By Dennis Normile
YOKOHAMA, JAPAN—For more than a decade, stem cell therapies have been touted as offering hope for those suffering from genetic and degenerative diseases. The promise took another step toward reality last week with announcements here at the annual meeting of the International Society for Stem Cell Research (ISSCR) that two groups are moving forward with human clinical research, one focusing on a rare genetic neurological disease and the other for the loss of vision in the elderly.
StemCells Inc. of Newark, California, reported encouraging results of an initial human trial using human neural stem cells to treat Pelizaeus-Merzbacher disease (PMD). PMD is a progressive and fatal disorder in which a genetic mutation inhibits the normal growth of myelin, a protective material that envelopes nerve fibers in the brain. Without myelin, nerve signals are lost, and the patient, usually an infant, suffers degenerating motor coordination and other neurological symptoms. In her presentation, Ann Tsukamoto, StemCells' vice president for research, said the company chose to test its neural stem cell approach on PMD because there is currently no treatment for the condition and a diagnosis can be confirmed by genetic testing and magnetic resonance imaging. "This creates an opportunity for early intervention when it can best help."

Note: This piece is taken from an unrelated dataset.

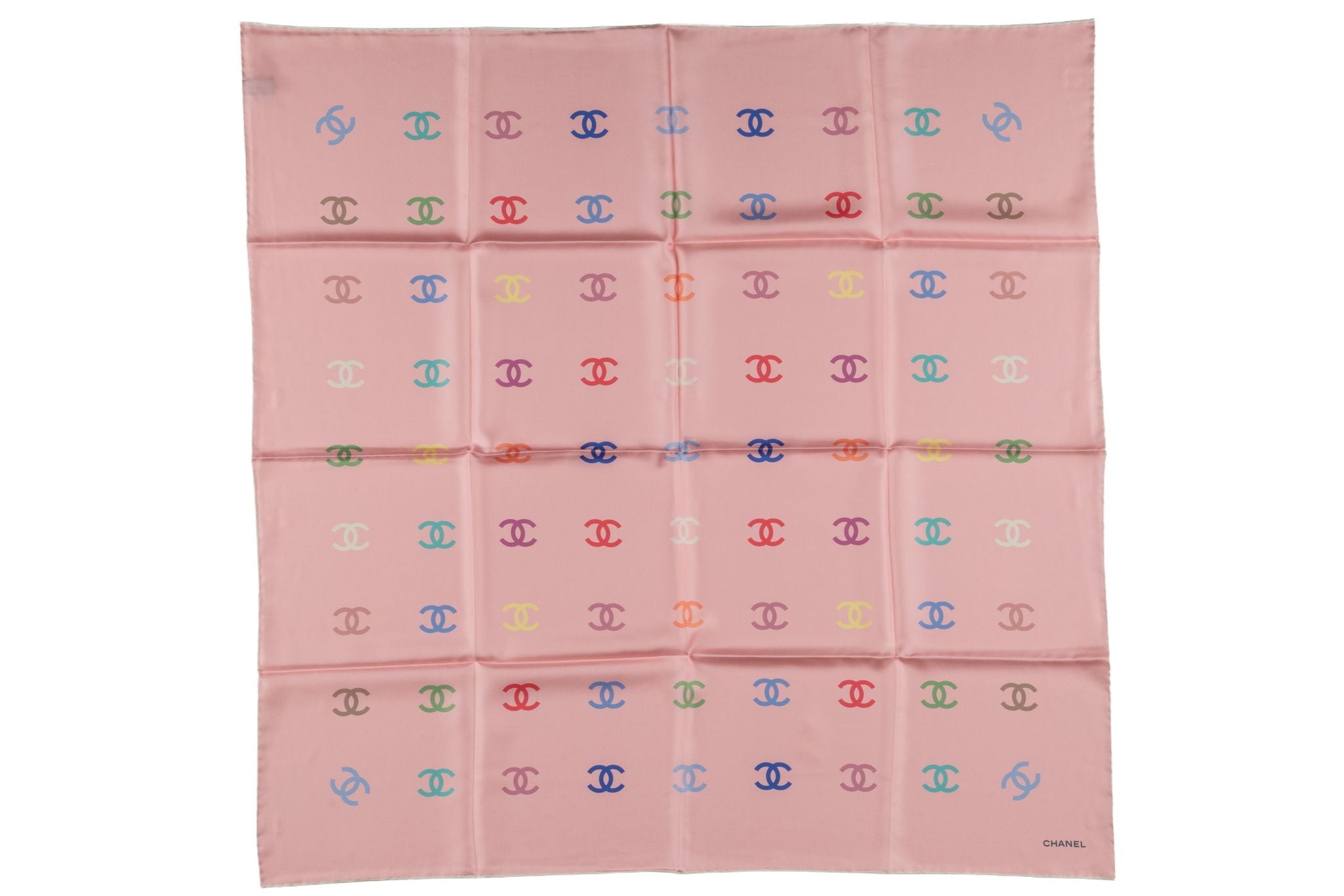 This Chanel Pink CC printed logo scarf is in 100% silk that displays a multicolor CC print. Brand new in unused condition.

The company has created banks of highly purified neural stem cells that are isolated from adult neural tissue. Injected into rodents, the cells don't form tumors; rather, they migrate through the animals' brains, where they differentiate into various types of neural cells including the cells that create the myelin that protects nerve fibers. When neural stem stems were injected into in mice, they showed "robust engraftment and migration, the formation of new myelin," Tsukamoto said.
The company has now sponsored an initial safety trial of the strategy in four infants with PMD. In each patient, researchers at University of California, San Francisco, transplanted 75 million neural stem cells into each of four sites in the brain and followed that with immunosuppressive therapy so the recipient wouldn't reject the foreign cells. No safety concerns arose during the trial, Tsukamoto reported. Moreover, magnetic resonance imaging taken 18 months later indicated the formation of new myelin around axons and clinical observations of the treated patients indicated that their motor functions remained stable or enjoyed modest gains. The company is now planning larger trials. Tsukamoto says that if the therapy proves efficacious it could lead to neural stem cell treatments for multiple sclerosis, cerebral palsy, and Alzheimer's disease.
In a second talk at the meeting, stem cell researcher Masayo Takahashi of the RIKEN Center for Developmental Biology in Kobe reported on progress in her group's preclinical work targeting wet-type age-related macular degeneration (AMD). In AMD, the retinal pigment epithelial (RPE) cells that support the cells in the eye that detect light wear out, and there is also the growth of abnormal, leaky blood vessels below the retina. These conditions lead to impaired vision in the central part of the eye. Her group's proposed strategy is to surgically remove the problematic blood vessels and replace the damaged RPE cells with new RPE cells derived from a patient's own cells. Using a process called cellular reprogramming, the researchers take a patient's skin cells, convert them into so-called induced pluripotent stem (iPS) cells, which can differentiate into all the cells within the human body. They then transform those iPS cells into RPE cells and form them into sheets in the lab. Since the iPS approach uses the patient's own cells, they avoid the need for immunosuppressive drugs.
The RPE cells generated by Takahashi's team show the characteristic structure and gene expression pattern of authentic human RPE cells. Injections of the cells into mice triggered no tumors, she also reported, and the cells survived for more than 6 months when transplanted into monkeys. The research team has not directly tested whether the transplanted RPE cells improved the animal's vision. But Takahashi notes that some people with AMD have had RPE cells transplanted from the periphery to the center of their eyes, improving their central vision. She hopes to have all necessary approvals for research with human subjects within a year.
Earlier this year, scientists at University of California, Los Angeles, and Advanced Cell Technology of Marlborough, Massachusetts, reported in The Lancet about the safe and successful use of RPE cells derived from human embryonic stem cells, rather than iPS cells, to treat a different type of AMD in a limited number of human patients. Takahashi predicts that in the future, selecting from different stem cell therapies will "depend on the target disease and the situation of the host."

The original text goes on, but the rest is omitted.